-h, --help show this help message and exit
--binary BINARY If set, trace the mutexes from the binary at this path. For statically-linked binaries, this argument is not required. For dynamically-linked binaries, this argument is required and should be the path of the pthread library the binary is using. Example: /lib/x86_64-linux-gnu/libpthread.so.0
--dump-graph DUMP_GRAPH If set, this will dump the mutex graph to the specified file.
--verbose Print statistics about the mutex wait graph.
--lock-symbols LOCK_SYMBOLS Comma-separated list of lock symbols to trace. Default is pthread_mutex_lock. These symbols cannot be inlined in the binary.
--unlock-symbols UNLOCK_SYMBOLS Comma-separated list of unlock symbols to trace. Default is pthread_mutex_unlock. These symbols cannot be inlined in the binary.
-t THREADS, --threads THREADS Specifies the maximum number of threads to trace. default 65536. Note. 40 bytes per thread.
-e EDGES, --edges EDGES Specifies the maximum number of edge cases that can be recorded. default 65536. Note. 88 bytes per edge case.
pid Pid to trace
Find potential deadlocks in PID 181. The --binary argument is not needed for \ statically-linked binaries. # deadlock 181
Find potential deadlocks in PID 181. If the process was created from a \ dynamically-linked executable, the --binary argument is required and must be \ the path of the pthread library: # deadlock 181 --binary /lib/x86_64-linux-gnu/libpthread.so.0
Find potential deadlocks in PID 181. If the process was created from a \ statically-linked executable, optionally pass the location of the binary. \ On older kernels without https://lkml.org/lkml/2017/1/13/585, binaries that \ contain `:` in the path cannot be attached with uprobes. As a workaround, we \ can create a symlink to the binary, and provide the symlink name instead with \ the `--binary` option: # deadlock 181 --binary /usr/local/bin/lockinversion
Find potential deadlocks in PID 181 and dump the mutex wait graph to a file: # deadlock 181 --dump-graph graph.json
Find potential deadlocks in PID 181 and print mutex wait graph statistics: # deadlock 181 --verbose
Find potential deadlocks in PID 181 with custom mutexes: # deadlock 181 --lock-symbols custom_mutex1_lock,custom_mutex2_lock --unlock_symbols custom_mutex1_unlock,custom_mutex2_unlock
Potential Deadlock Detected!
Cycle in lock order graph: Mutex M0 => Mutex M1 => Mutex M0
Mutex M1 acquired here while holding Mutex M0 in Thread T: [stack trace]

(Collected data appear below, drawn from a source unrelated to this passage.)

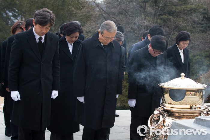 (서울=포커스뉴스) 28일 오전 서울 동작구 국립서울현충원에서 김종인 선거대책위원장 겸 비대위원장이 박정희 전 대통령 묘역 참배를 하고 있다.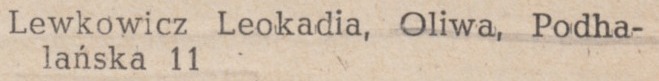 Lewkowicz Leokadia.Wykaz lekarzy i pielęgniarek. Poznaj Gdańsk. Przewodnik-Informator z 1949 roku. Zbiory Piotra Leżyńskiego.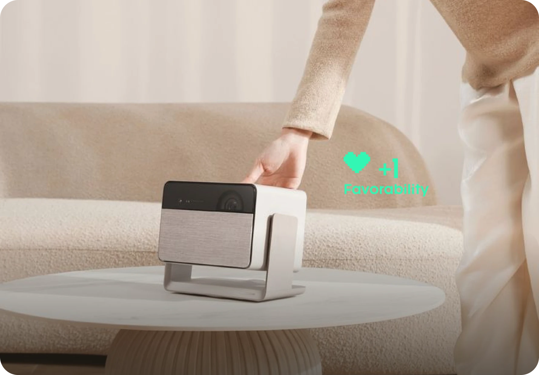 & SensitivityPortrait is in tune with the world around you. It senses changes in the environment-like shifts in temperature or light-and responds accordingly, creating a truly interactive experience.Whether adjusting to your surroundings or reaching out when you're near, YahYah is always aware of you, making it a part of your living space.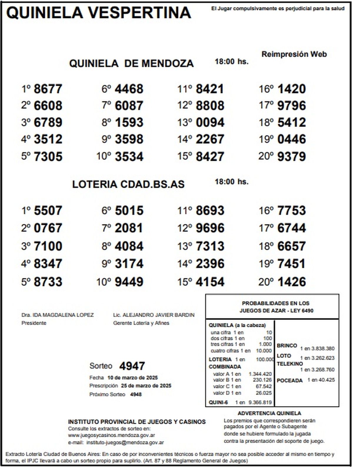 Resultados Quiniela de Mendoza: La Vespertina del 10 de marzo de 2025
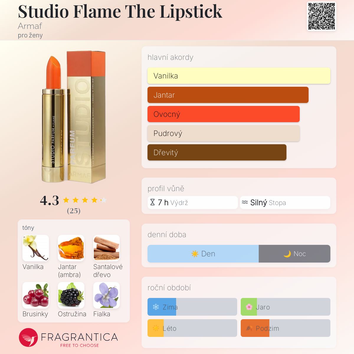 Studio Flame The Lipstick podle Armaf je Floral vůně pro ženy. Studio Flame The Lipstick byl/a uveden/a v roce 2018. Vrchní tóny jsou Brusinky a Ostružina; střední tóny jsouFialka a Pivoňka ; základní tóny jsou Vanilka, Jantar (ambra) a Santalové dřevo.

Mutex M0 previously acquired by the same Thread T here: [stack trace]
Mutex M0 acquired here while holding Mutex M1 in Thread S: [stack trace]
Mutex M1 previously acquired by the same Thread S here: [stack trace]
Thread T created by Thread R here: [stack trace]
Thread S created by Thread Q here: [stack trace]
Also look in the bcc distribution for a companion _examples.txt file containing example usage, output, and commentary for this tool.